There have been areas of regulation that some clubs have found it difficult to assimilate like Child Protection which everyone would have no problem in supporting. Equity is another regulatory area that is coming from UK Sport, but it will have genuine opportunities to think about how we practice archery and engage with all the sections of our society. This should lead on to more participation as we open doors to all - I am encouraged in talking to the Director for England and her county's work in areas of multi-culturalism in, for example, Bradford.

Being November, it was time to get the bow out and start to shoot indoor. I don't much like being cooped up inside but it is good preparation for outdoors. I was glad that I still remembered what to do and could hit the target.

Her indoors told me of a spelling mistake but wasn't too specific where (I am expecing a lot of support from the lads on this one). Anyway, it is now found and corrected.

Sunday 11 November 2007

Formats, shields, money, coaches and 2014

I continue to work with the CEO and fellow Directors to improve the "look and feel" of our publications - you may have noticed the format of the new Equity Policy. This week I was working on the format of the Board paper with David Sherratt, the CEO.

I read of the SAA's need to move away from the traditional shield and wrote to say that the new "Archery UK" logo can be adapted to Home Nations use, perhaps replacing the "UK" with Scotland or a Thistle. However, I guess that there is a need to find a logo that is acceptable to the membership and represents the Nation that is Scotland.

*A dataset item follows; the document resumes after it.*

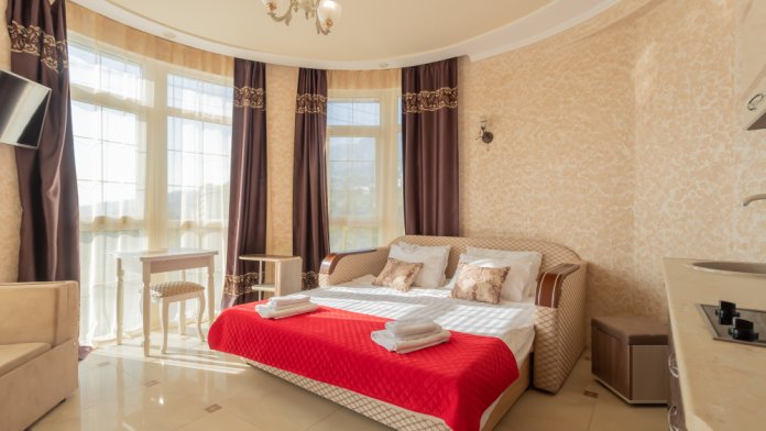 Апартаменты находятся в курортной зоне, в красивейшем месте, в 300 метрах над уровнем моря. Именно на этом расстоянии происходит целебное смешение потоков морского и горного воздуха, на этом уровне пряный воздух, пропитанный йодом и хвойными фитонцидами.
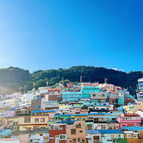 정면으로는 청량한 부산의 바다, 뒤로는 조화롭게 어우러진 건물들이 마치 동화 속 마을을 연상케 합니다. 전쟁의 아픔을 간직한 곳이지만, 시간과 함께 상처는 아물고 이제는 부산을 대표하는 관광지가 되었습니다.

I also read of the reduction of the SAA's reserves and am personally concerned as the National Council (of which I am one) has the responsibility for financial management.

There are two great notes to end on.

First is the money allocated from sportscotland for support towards the Commonwealth Games in 2010. I wrote again to the SAA National Council saying that GNAS would sympathetically receive a proposal for additional funding.

Second is the 2014 Commonwealth Games result. I phoned the GNAS Chair to discuss and found that the ball had already been set rolling (with a contact to FITA) on looking at how that event (and the 2012 Olympics) would impact on Scottish archery. Just in case people don't know, GNAS, FITA and others made strenuous efforts to get archery into the Glasgow bid. The ball may have been set rolling but this is the start of a longish road with many discussion and profiling work still to take place.

Just Starting

I've been thinking about how to improve communications between the National Director for Scotland post and the archers on the ground. Having spoken to friends and colleagues (yes!), I'm encouraged to try cyberspace and have chosen blogging, mainly because buletin boards (an other alternative) are just too busy for me.

Well, I've started now and hopefully I'll write something every week.

These are, of course, my personal reflections and are not "official policy", whatever that means.